Material shown |

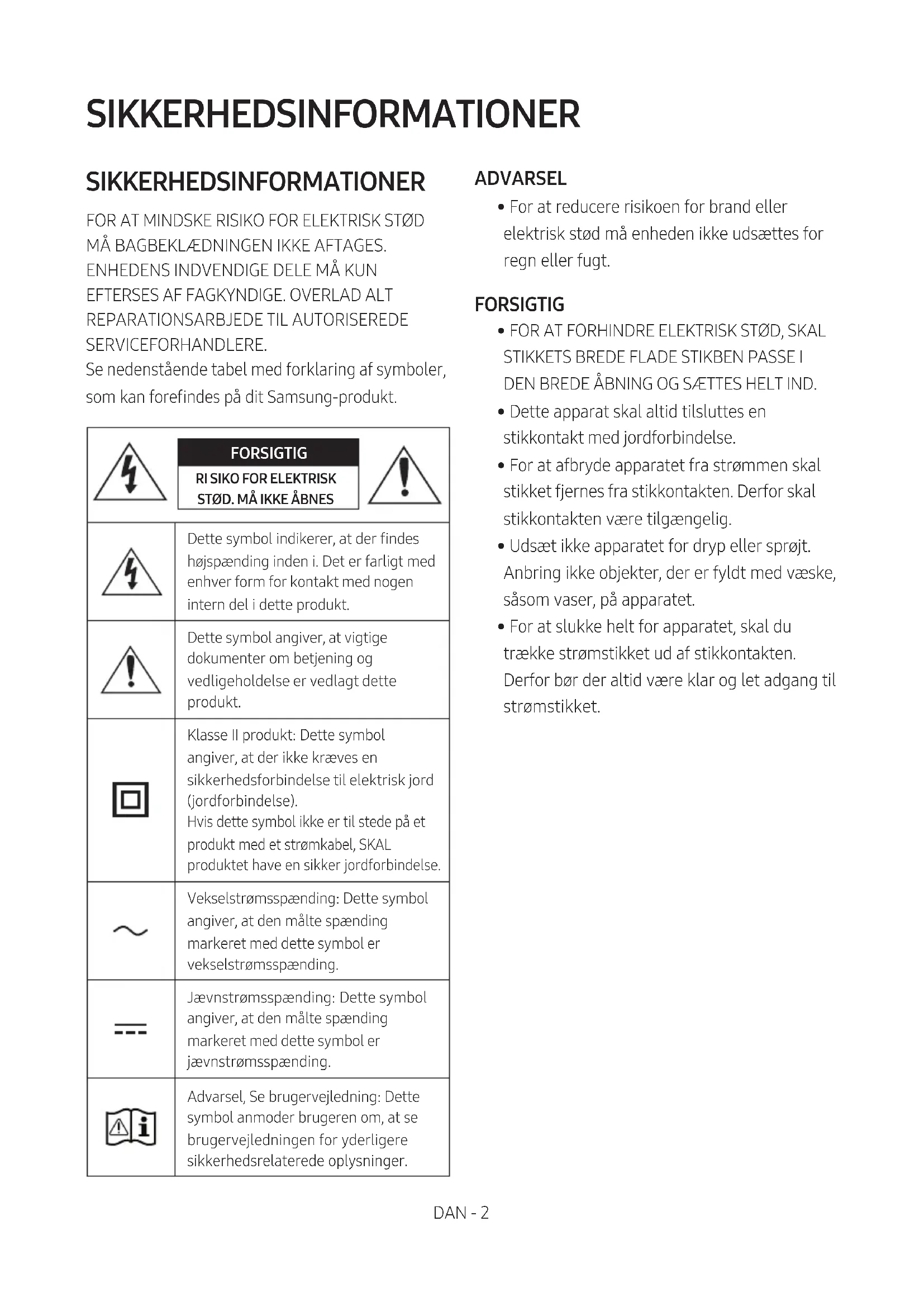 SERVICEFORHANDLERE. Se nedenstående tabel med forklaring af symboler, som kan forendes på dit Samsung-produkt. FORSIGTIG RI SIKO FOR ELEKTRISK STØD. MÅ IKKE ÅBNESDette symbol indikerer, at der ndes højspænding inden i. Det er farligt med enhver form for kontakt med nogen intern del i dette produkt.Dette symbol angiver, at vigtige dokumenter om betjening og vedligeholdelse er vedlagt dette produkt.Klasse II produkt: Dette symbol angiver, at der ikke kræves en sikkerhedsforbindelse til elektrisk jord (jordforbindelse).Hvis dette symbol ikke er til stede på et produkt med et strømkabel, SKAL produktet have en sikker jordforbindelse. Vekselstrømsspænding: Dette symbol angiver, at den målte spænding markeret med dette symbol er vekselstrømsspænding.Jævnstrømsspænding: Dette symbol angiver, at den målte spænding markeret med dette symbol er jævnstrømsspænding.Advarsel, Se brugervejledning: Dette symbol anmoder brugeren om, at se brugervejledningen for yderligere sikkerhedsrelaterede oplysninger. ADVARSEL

--

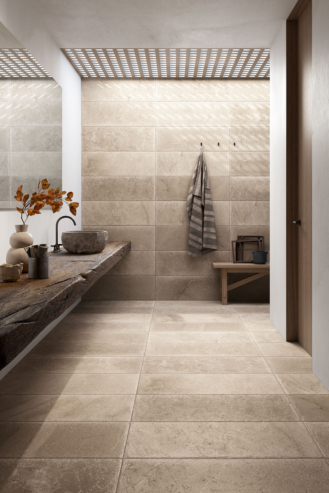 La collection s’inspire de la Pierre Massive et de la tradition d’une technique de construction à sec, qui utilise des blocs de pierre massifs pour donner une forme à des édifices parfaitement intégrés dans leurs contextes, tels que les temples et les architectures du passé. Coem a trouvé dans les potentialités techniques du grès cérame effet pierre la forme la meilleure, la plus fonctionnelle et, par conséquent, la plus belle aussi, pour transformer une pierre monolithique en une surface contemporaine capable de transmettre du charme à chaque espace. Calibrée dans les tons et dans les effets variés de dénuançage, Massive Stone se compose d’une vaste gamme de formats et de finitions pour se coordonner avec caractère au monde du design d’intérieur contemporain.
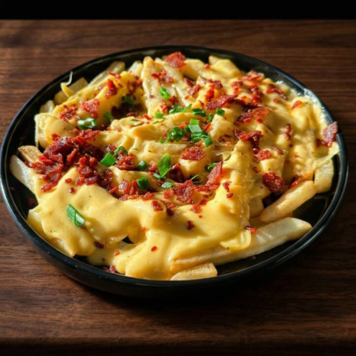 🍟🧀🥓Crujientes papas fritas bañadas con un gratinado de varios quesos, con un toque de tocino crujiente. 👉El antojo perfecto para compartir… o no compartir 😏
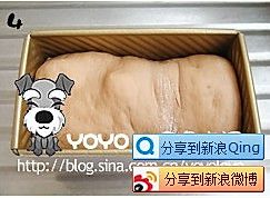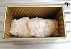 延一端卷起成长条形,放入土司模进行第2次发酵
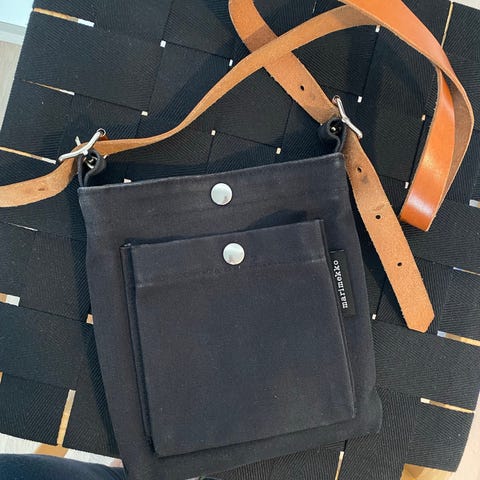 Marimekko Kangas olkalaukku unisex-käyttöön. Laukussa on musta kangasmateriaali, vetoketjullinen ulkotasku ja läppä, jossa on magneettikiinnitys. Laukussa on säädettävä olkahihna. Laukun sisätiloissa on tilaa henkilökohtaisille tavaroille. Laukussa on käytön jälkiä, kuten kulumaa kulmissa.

Problem statement | From the records above, copy exactly the lines starting at the one with "no compartir 😏" and ending at the one with "Marimekko Kangas olkalaukku", and no others. Pictures stay out.

Task response |
 🍟🧀🥓Crujientes papas fritas bañadas con un gratinado de varios quesos, con un toque de tocino crujiente. 👉El antojo perfecto para compartir… o no compartir 😏
 延一端卷起成长条形,放入土司模进行第2次发酵
 Marimekko Kangas olkalaukku unisex-käyttöön. Laukussa on musta kangasmateriaali, vetoketjullinen ulkotasku ja läppä, jossa on magneettikiinnitys. Laukussa on säädettävä olkahihna. Laukun sisätiloissa on tilaa henkilökohtaisille tavaroille. Laukussa on käytön jälkiä, kuten kulumaa kulmissa.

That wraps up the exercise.